4 thoughts on ““Like” buttons

  1. Seth:

    Here is a question for you and Speedmaster to ponder: what function does misinformation play –or- stated alternatively, does misinformation have a role?

    Totally agree with you regarding the “like button”. Moreover, would the “like button” really be the erase button in certain circumstances? That is, what if you dislike the truth and erase the truth in favor of misinformation? Conversely, you like misinformation and hence block the truth. Could it be that Clinton’s idea is very, very Orwellian?

    • Very Orwellian. It gets right to the name of Speedmaster’s site: The Pretense of Knowledge.

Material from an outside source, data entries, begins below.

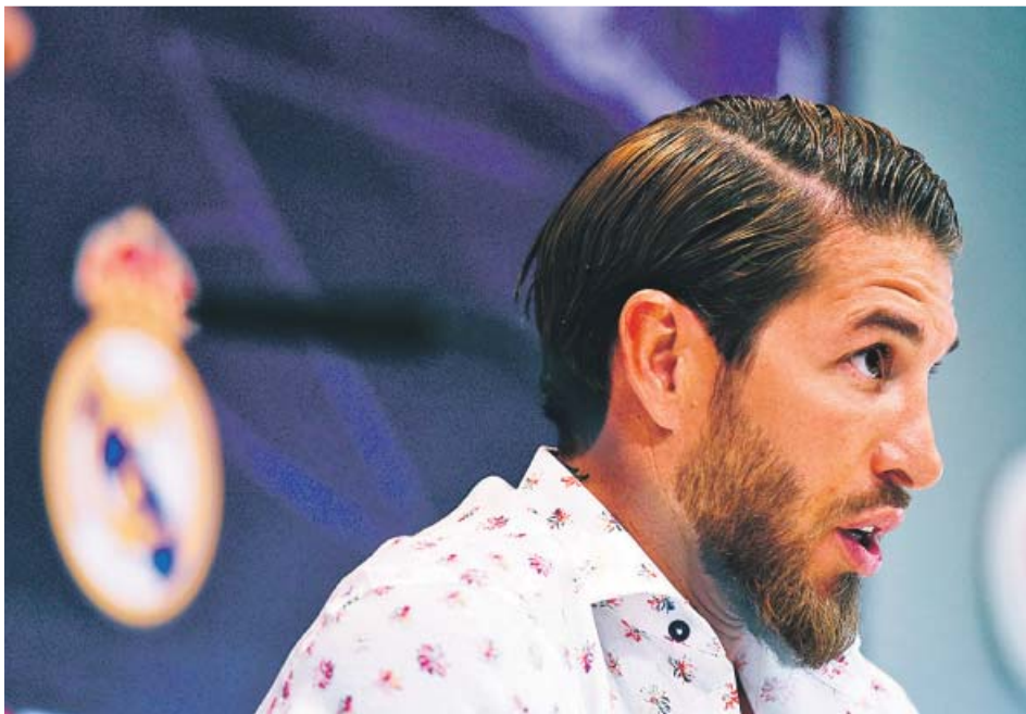
Sergio Ramos, durante la rueda de prensa de ayer.

El capitán calmó al aficionado, se lio con la oferta china y simplificó todo en un conflicto «entre padre e hijo» con Florentino, al que contradujo
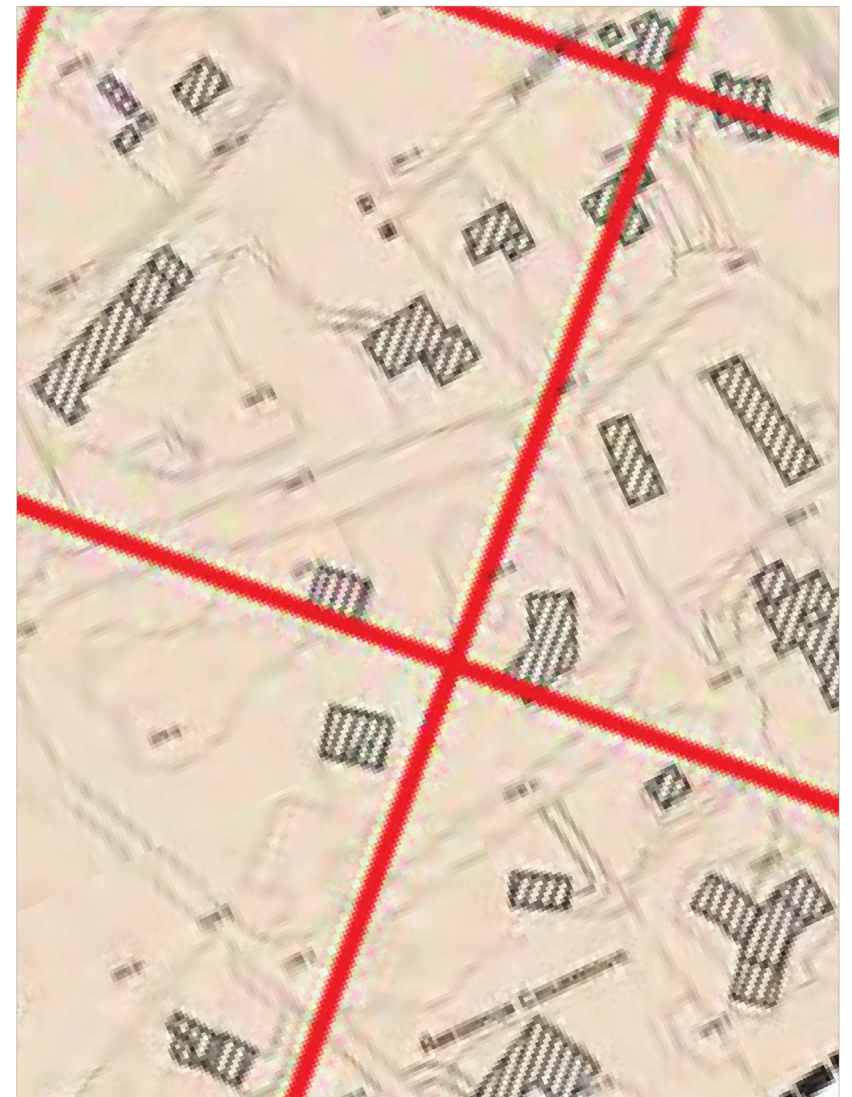
TAVOLA DEI VINCOLI :Classe 3 di fattibilità geologica
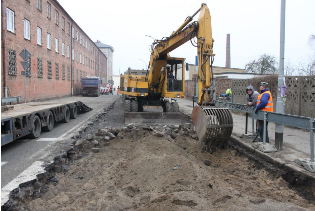
ul. Hetmana S. Czarnieckiego – roboty rozbiórkowo

Umowa o dofinansowanie nr: UDA-RPZP.02.01.03-32-001/13-00 z dnia 26. 09.2013 roku.
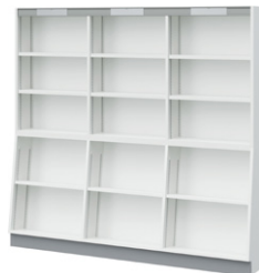
■傾斜付5段書架 NBP-250A-751 ¥327,000 Ⓜ 外寸法 / W1800×D330(240)×H1700 樹脂コート化粧パーティクルボード 質量:95kg

      It would be nice if misinformation was filtered out, but one man’s misinformation is another man’s truth. Take the simple phrase: “tax cuts for the rich”. I’d love it if it didn’t exist. Many people stop at that and make their decision. But, somehow, I don’t think any agency that Clinton would staff would consider that misinformation.

      I think the best antidote for misinformation is the encouragement and teaching of critical thinking and open-mindedness. Perhaps we should start an agency for that.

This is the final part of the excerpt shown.